▸ **Task details**:
Please output the line containing "藏蓝色的冬季斗篷毛呢外套,独" and all lines that follow it in the data below, exactly, with no pictures.

%%

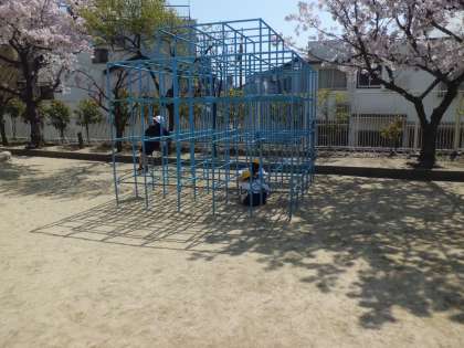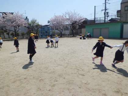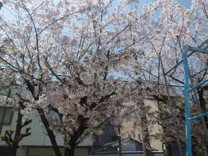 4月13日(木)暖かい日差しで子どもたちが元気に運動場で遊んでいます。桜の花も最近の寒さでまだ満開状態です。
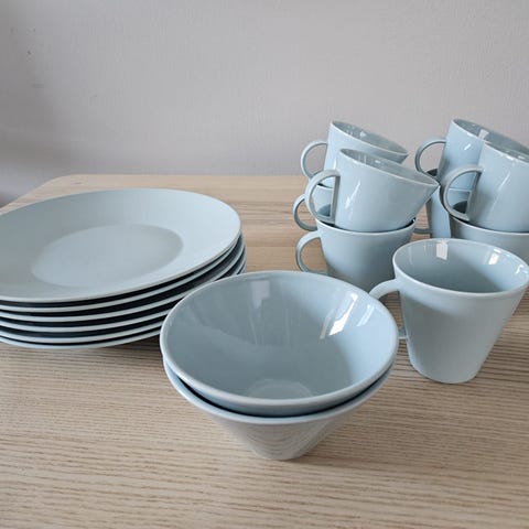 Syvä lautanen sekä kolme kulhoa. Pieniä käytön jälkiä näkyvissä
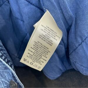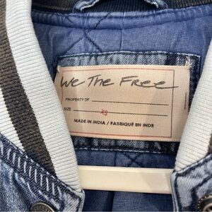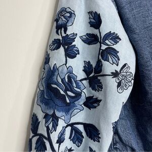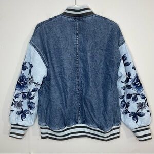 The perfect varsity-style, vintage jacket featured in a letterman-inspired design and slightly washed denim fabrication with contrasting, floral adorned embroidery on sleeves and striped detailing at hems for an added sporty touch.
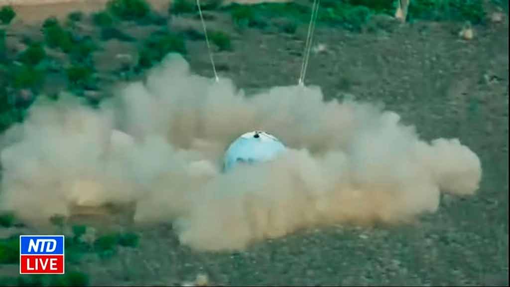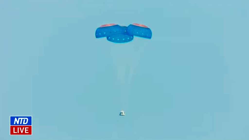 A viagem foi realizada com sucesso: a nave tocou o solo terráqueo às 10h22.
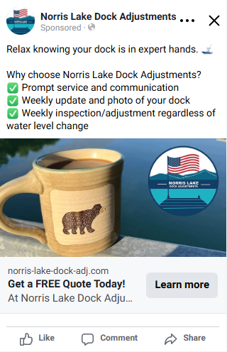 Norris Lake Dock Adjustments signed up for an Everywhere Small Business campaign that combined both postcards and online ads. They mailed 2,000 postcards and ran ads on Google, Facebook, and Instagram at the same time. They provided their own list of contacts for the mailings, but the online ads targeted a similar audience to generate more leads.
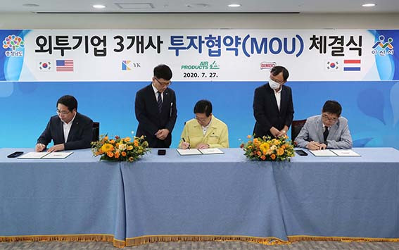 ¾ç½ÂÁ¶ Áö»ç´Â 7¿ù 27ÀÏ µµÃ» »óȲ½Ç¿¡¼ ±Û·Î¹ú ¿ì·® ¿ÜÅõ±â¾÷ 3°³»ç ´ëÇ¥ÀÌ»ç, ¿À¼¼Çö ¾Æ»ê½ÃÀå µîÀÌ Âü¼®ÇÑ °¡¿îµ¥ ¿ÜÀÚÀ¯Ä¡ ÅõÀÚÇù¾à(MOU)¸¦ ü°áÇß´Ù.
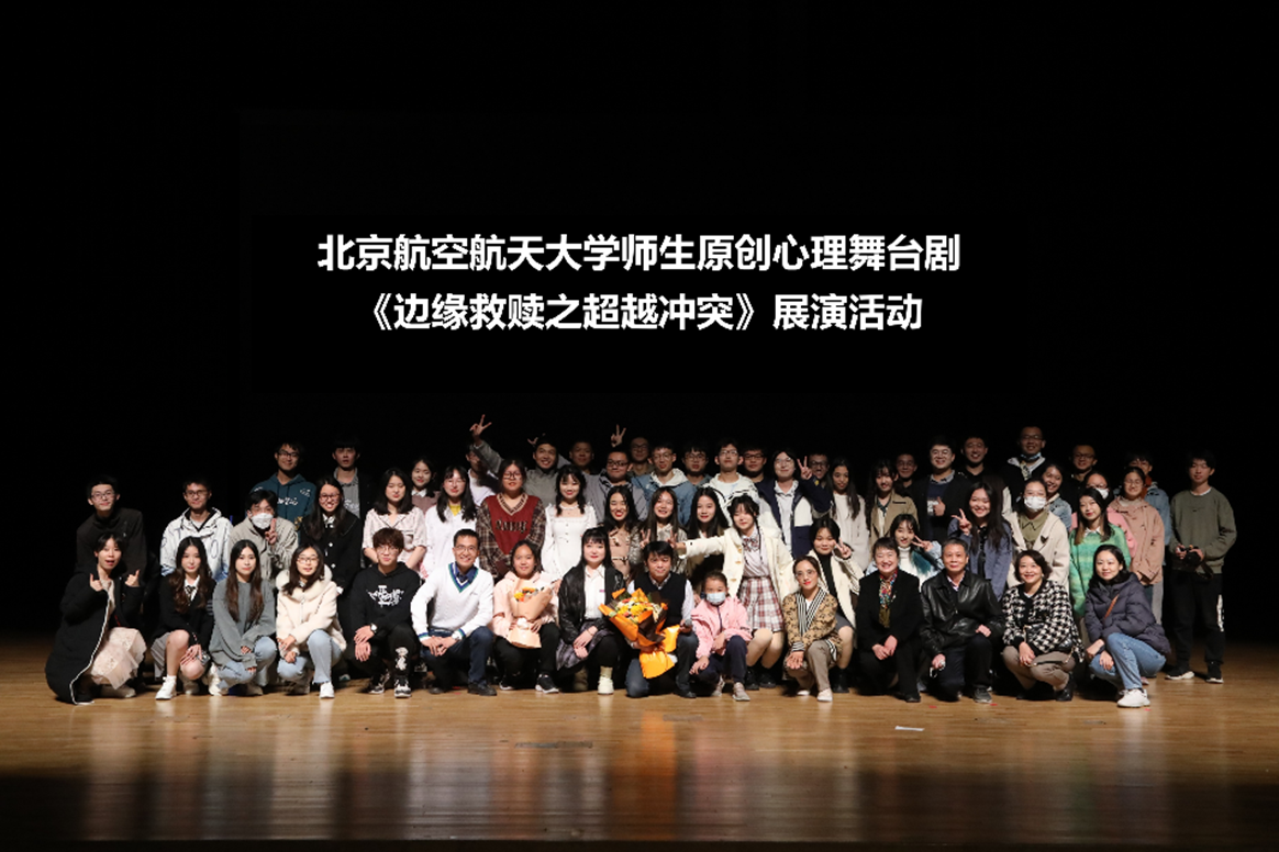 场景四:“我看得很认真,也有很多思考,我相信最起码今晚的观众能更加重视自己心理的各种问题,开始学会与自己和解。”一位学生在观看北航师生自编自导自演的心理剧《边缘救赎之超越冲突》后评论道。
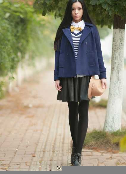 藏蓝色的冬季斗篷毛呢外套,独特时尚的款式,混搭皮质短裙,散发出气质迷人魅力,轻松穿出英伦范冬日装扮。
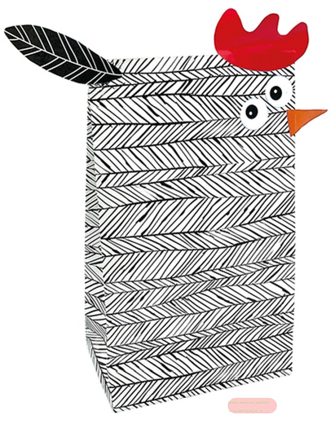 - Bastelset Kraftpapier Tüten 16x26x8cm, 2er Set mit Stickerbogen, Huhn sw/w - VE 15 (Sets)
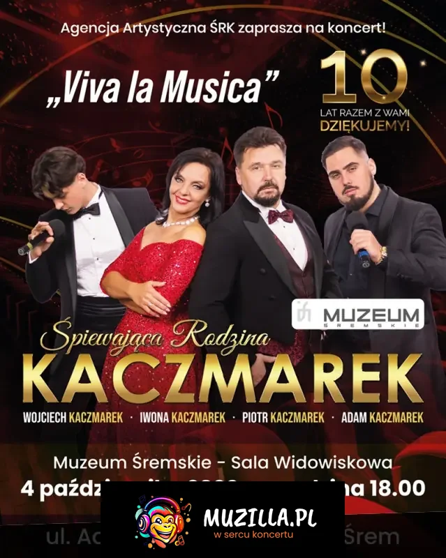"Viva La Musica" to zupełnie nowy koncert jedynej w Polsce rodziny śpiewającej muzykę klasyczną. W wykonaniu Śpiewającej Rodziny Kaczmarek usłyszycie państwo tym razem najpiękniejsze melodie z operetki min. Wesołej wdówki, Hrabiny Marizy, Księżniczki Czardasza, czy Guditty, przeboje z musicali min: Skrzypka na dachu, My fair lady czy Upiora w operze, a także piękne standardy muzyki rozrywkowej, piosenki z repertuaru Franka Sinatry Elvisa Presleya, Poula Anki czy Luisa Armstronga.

%%

▸ **Final answer**:
 藏蓝色的冬季斗篷毛呢外套,独特时尚的款式,混搭皮质短裙,散发出气质迷人魅力,轻松穿出英伦范冬日装扮。
 - Bastelset Kraftpapier Tüten 16x26x8cm, 2er Set mit Stickerbogen, Huhn sw/w - VE 15 (Sets)
"Viva La Musica" to zupełnie nowy koncert jedynej w Polsce rodziny śpiewającej muzykę klasyczną. W wykonaniu Śpiewającej Rodziny Kaczmarek usłyszycie państwo tym razem najpiękniejsze melodie z operetki min. Wesołej wdówki, Hrabiny Marizy, Księżniczki Czardasza, czy Guditty, przeboje z musicali min: Skrzypka na dachu, My fair lady czy Upiora w operze, a także piękne standardy muzyki rozrywkowej, piosenki z repertuaru Franka Sinatry Elvisa Presleya, Poula Anki czy Luisa Armstronga.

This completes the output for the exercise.